At the beginning of the 2010s, the tool met with a certain level of success, as several agricultural advisers and farmers were increasingly concerned about what they perceived as a stigmatization of agriculture's role in climate change. The 2006 FAO report Livestock's Long Shadow was influential in publicizing the contribution of animal breeding to greenhouse gas emissions. Agro-Transfert's website dedicated to the ABCTerre project begins by stating that “the agricultural sector contributes 20 percent of greenhouse gas emissions, but it is also able to store carbon in soils and thus partly compensates for these emissions.”
19
Agricultural actors involved in the ABCTerre project were eager to present farming not as a problem but rather as a solution to climate change, and they saw carbon sequestration as a valuable opportunity to do so, as Rachel and her colleagues noted: Farmers reflected, without even knowing yet whether they would earn any money from it [soil carbon sequestration]: we’ll be able to give a better image of farming.
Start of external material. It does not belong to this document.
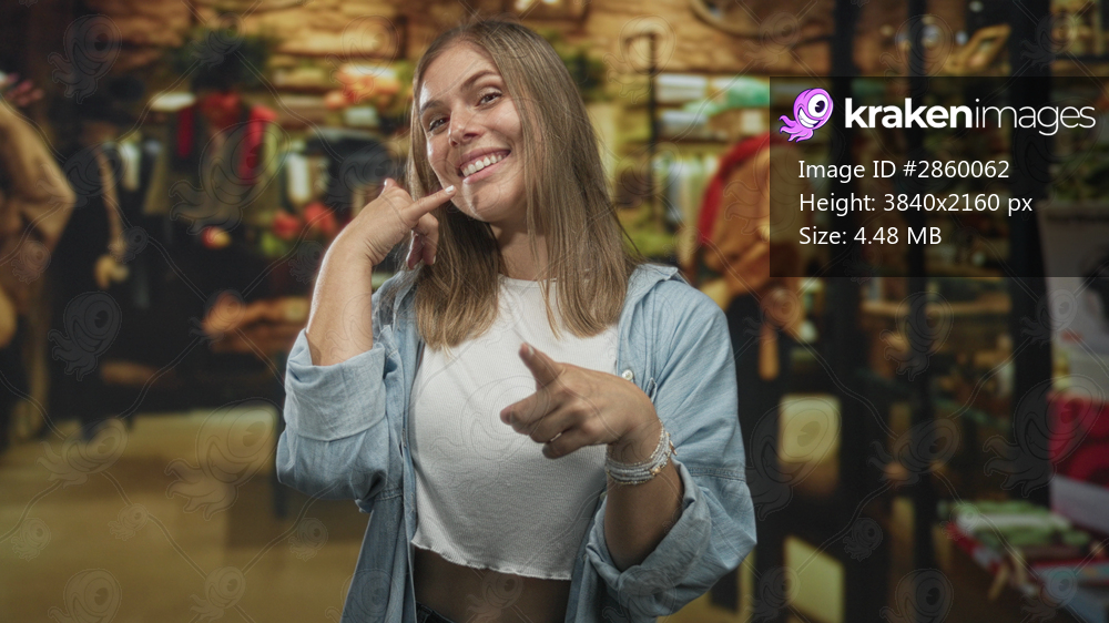 Young blonde woman making phone gesture with hand and pointing finger inside clothing shop building, smiling direct at camera; friendly casual confidence. - Kraken Images

That matters to them.
A second ABCTerre project followed in 2017, driven by a shifting regulatory context around climate and carbon accounting. New legislation required municipalities with more than 20,000 inhabitants to draft a Territorial Plan for Climate, Air, and Energy (PCAET). PCAET is a planning tool designed to advance climate change mitigation efforts at the local level. Municipalities were expected to assess greenhouse gas emissions and the net sequestration of CO2, as well as its development potential in local sinks such as forests and soils. Once again, Ademe (particularly the Agriculture and Forestry Department, where Timothée was responsible for soil issues) funded the second ABCTerre project. It aimed to upscale the use of SimeosAMG and integrate soil carbon quantification into the climate-related obligations of local authorities.
In parallel to the continuing mobilization of AMG for agricultural purposes of soil enhancement, both ABCTerre projects contributed to establishing a new regime of carbon quantification in which agricultural and local land-use planning administrations collaborated around shared objectives of reducing carbon footprints in farms and local territories (Table 1). Several of the farmers involved in the second ABCTerre project were also local political officials, and were thus interested in the experiment both as practitioners and local politicians. In particular, the development of SimeosAMG through the two ABCTerre projects helped make agricultural soils “thinkable” and manageable as carbon sinks for advisers and farmers concerned about agriculture's role and image. Isabelle, the Agro-Transfert employee responsible for the second ABCTerre project, felt that the initiative fostered new sensitivities and awareness among participants, especially farmers, regarding the role of agricultural soils in reducing the sector's carbon footprint. Farmers have become familiar with the carbon vocabulary and carbon numbers, as the quantifications of soil carbon stocks evolution attached to various farming methods and strategies tended to provide them with a new way of valuing and comparing their practices and decisions in the light of their capacity to emit or to sequester carbon: They [farmers] were delighted, I remember in those workshops, to find out which activities emit the most [greenhouse gases]: tillage, stubble plowing, various machineries. To learn that, in the end, mineral nitrogen has much more impact on climate change than tractors.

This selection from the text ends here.